A 2024 Market Overview and Future Prospects

KEY HIGHLIGHT

  • Significant growth in China's national Emissions Trading System (ETS) in 2024, with cumulative trading volumes surpassing 600 million tons of CO2 equivalent (CO2e) and a total trading value exceeding RMB 43 billion.
  • Enhanced monitoring, reporting, and verification (MRV) systems were implemented across key industries, alongside the adoption of Continuous Emissions Monitoring Systems (CEMS) for real-time emissions tracking. Non-compliance penalties under the Order of the State Council of PRC No. 775 now include fines up to RMB 2 million and emission allowance reductions of 50-100%.
  • The Core Climate platform by The Hong Kong Exchange and Clearing (HKEX) strengthened Hong Kong’s position as a regional carbon trading hub. The platform now supports over 90 participants, offering high-quality carbon credits from 50+ globally verified projects.
  • The planned expansion of China's national ETS is projected to include an additional 1,500 companies and extend coverage by 3 billion tonnes of CO₂ equivalent, as reported by the International Carbon Action Partnership (ICAP).
  • Companies are advised to strengthen emissions data collection and reporting systems while engaging professional GHG assurance services to ensure compliance with evolving  regulatory requirements.

     

EXECUTIVE SUMMARY

The carbon markets in Mainland China and Hong Kong have demonstrated exceptional resilience and growth throughout 2024, marking pivotal milestones in the region’s commitment to climate action. This analysis examines the markets' structural evolution, regulatory developments, and emerging opportunities, with particular focus on the successful expansion of Mainland China’s national carbon ETS to new industrial sectors and Hong Kong's strengthening position as a regional carbon trading hub.

 

MAINLAND CHINA’S CARBON MARKET

Market Overview and Development

The national ETS, which was launched on July 16, 2021, has matured considerably by 2024, merging as a cornerstone of the nation’s climate action strategy. As one of the world’s largest carbon markets, it now covers 2,257 entities in the power sector, representing more than 40% of the nation’s carbon emissions[1]. According to the Ministry of Ecology and Environment of China (MEE)[2], the market has demonstrated remarkable growth in trading volumes while maintaining stable carbon allowance prices. 
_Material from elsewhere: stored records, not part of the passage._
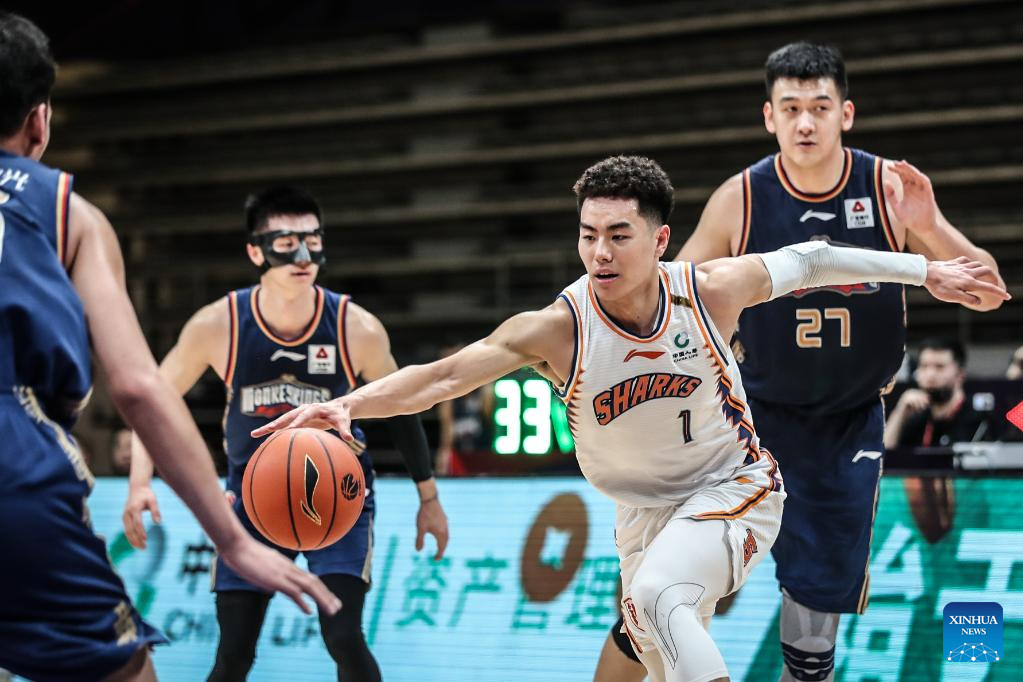 Li Tianrong (R) of Shanghai Sharks goes to basket during the 29th round match between Shanghai Sharks and Nanjing Monkey Kings at the 2021-2022 season of the Chinese Basketball Association (CBA) league in Shenyang, capital of northeast China's Liaoning Province, on March 1, 2022. (Xinhua/Pan Yulong)
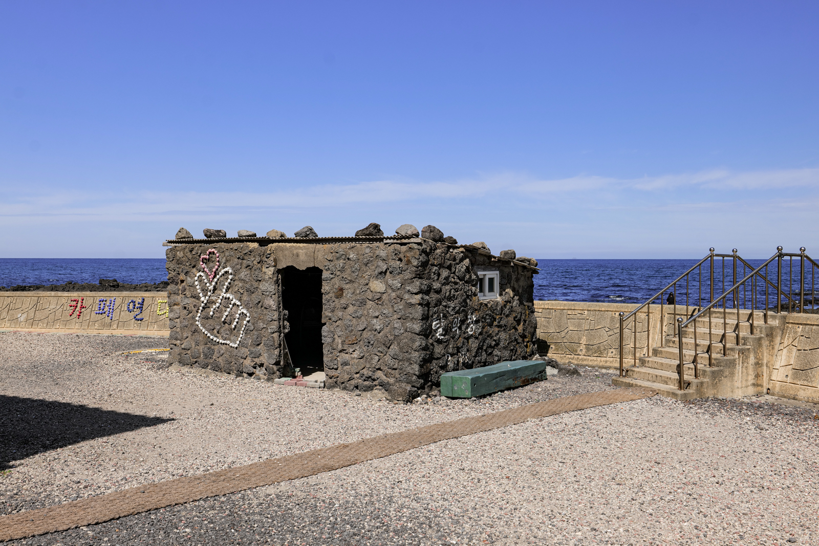 또한 탈의장이라고 적힌 오래된 돌담 건물이 있는 카페 연대도 이날 처음 만났다. 외도339와 마찬가지로 반려견 동반이 가능한 제주 외도 카페로 시그니처 음료와 커피가 있다고 하는데 다음에 다시 제주 해변을 찾으면 들려봐야겠다.
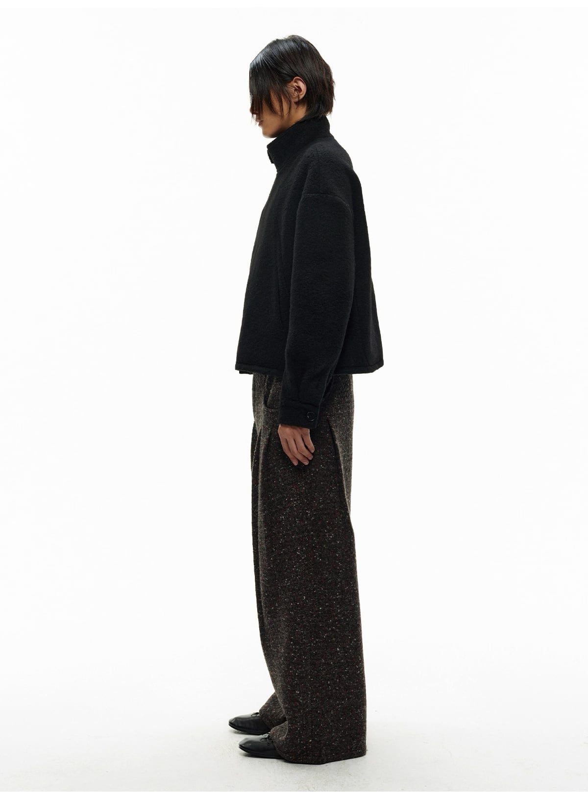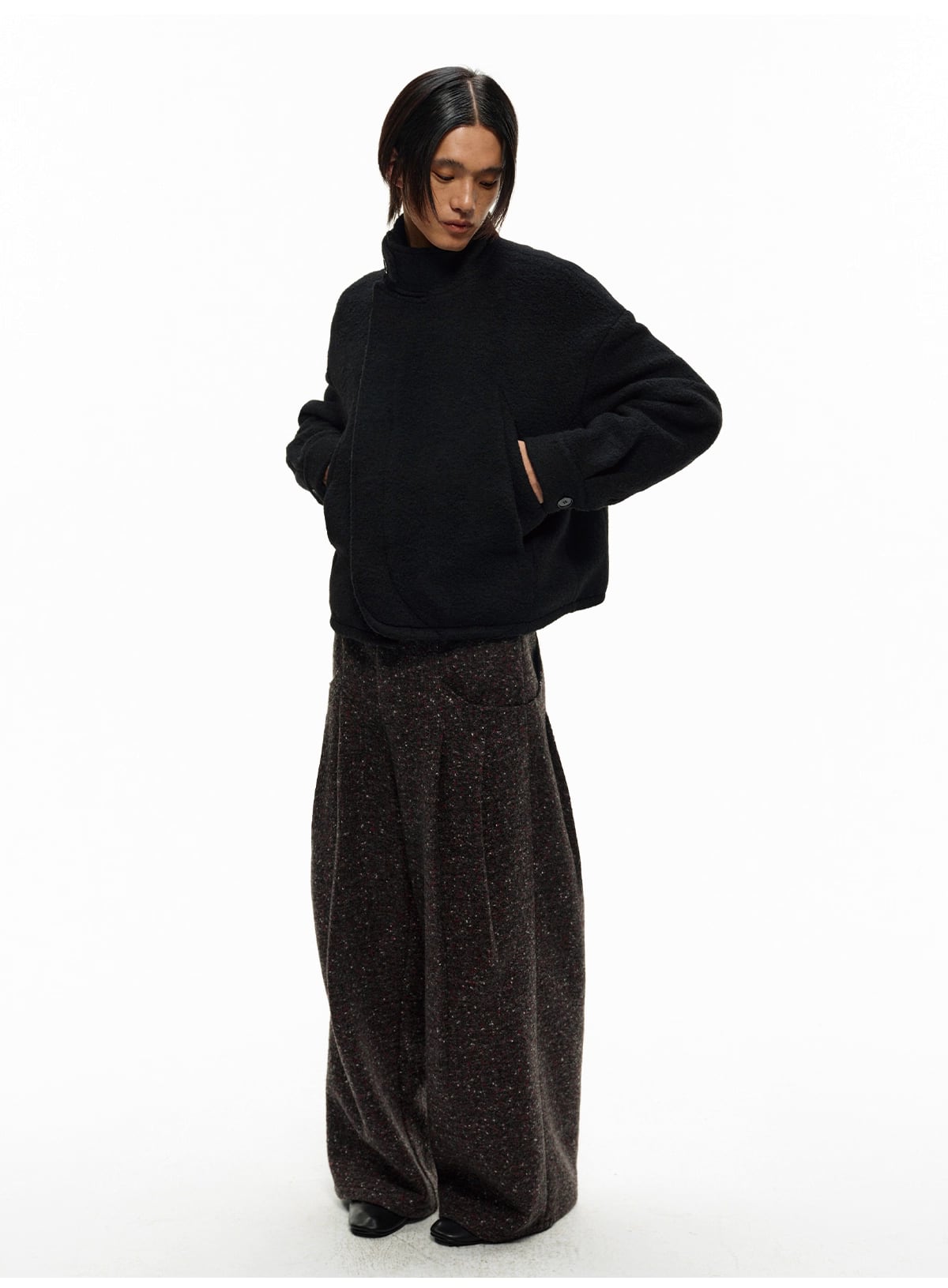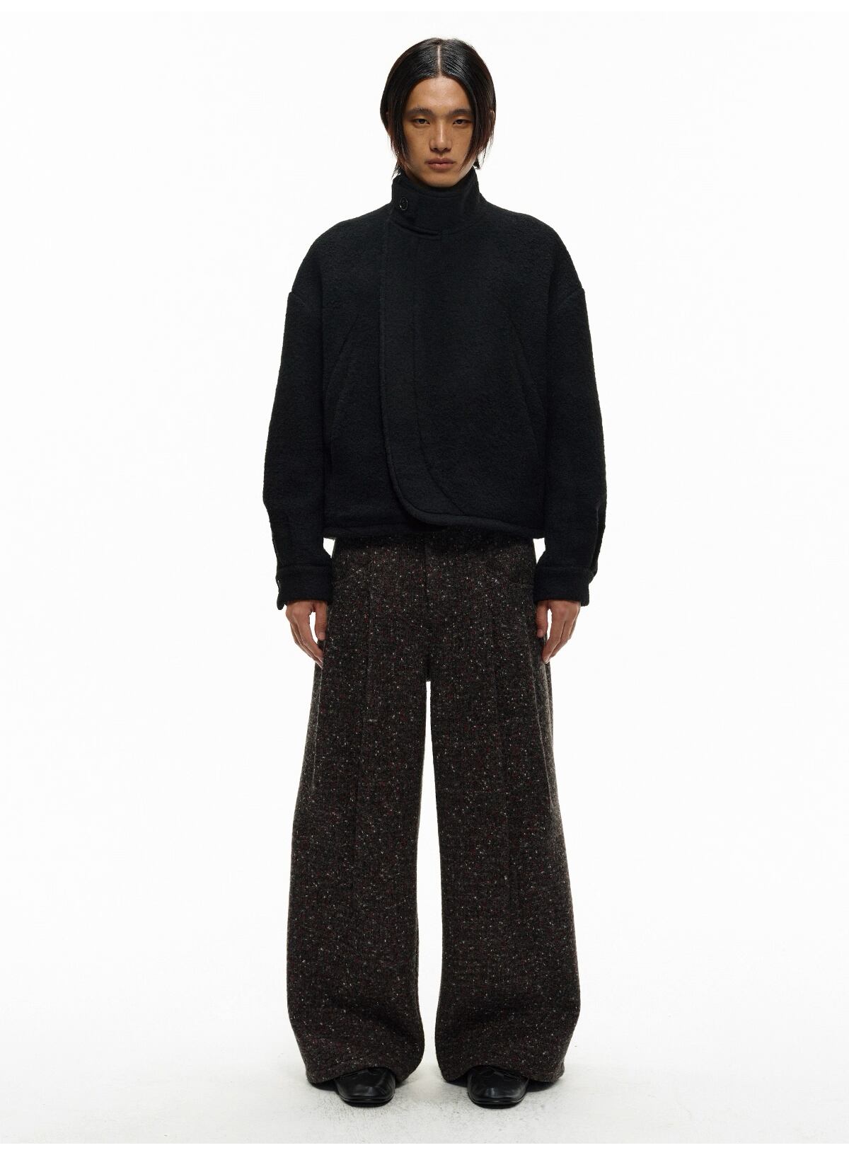 香港発デザイナーズブランド「JCAESAR STUDIO」が提案する、重厚でハリのあるツイードジャカード生地を使用した、存在感抜群のワイドスラックス。

By the end of 2024, cumulative trading volume exceeded 600 million tons of CO2e, with a total trading value surpassing RMB 43 billion. The market showed particular strength in 2024, with trading volume reaching over 189 million tonnes of CO2e and a trading value of more RMB 18 billion. In addition, this represents a 75% increase in trading volume (from 108 million tonnes in 2023 to 189 million tonnes in 2024) and an 80% increase in trading value (from RMB 10 billion in 2023 to more than RMB 18 billion in 2024) respectively. The year-on-year growth highlights the expanding liquidity and activity within China’s carbon trading market.

Transaction volume and carbon allowance price of Mainland China’s national carbon emission trading market in 2024

Market Mechanism and Pricing

According to Shanghai Environment and Energy Exchange[3], the national ETS has established a sophisticated pricing mechanism, with carbon allowance price ranging from RMB 69.67 to RMB 106.02 per ton in 2024. The MEE has strengthened market oversight, through the implementation of comprehensive measures to prevent carbon allowance price manipulation and excessive speculation, notably through the issuance of the Interim Regulations on the Management of Carbon Emission Trading.

Sector Expansion and Integration

By 2024, Mainland China has successfully taken steps to expand its ETS beyond power generation sector. According to the ICAP newsletter[4], the cement, steel, iron, and aluminium sectors are scheduled for inclusion in the national ETS. Companies in these sectors, previously part of regional pilot ETS programs, have transitioned to the national ETS. This broader inclusion has enhanced market liquidity, improved carbon allowance price discovery mechanisms, and prepared the system for phased implementation, beginning with a data-strengthening and familiarization phase (2024–2026) and progressing to a more stringent and refined system from 2027 onward.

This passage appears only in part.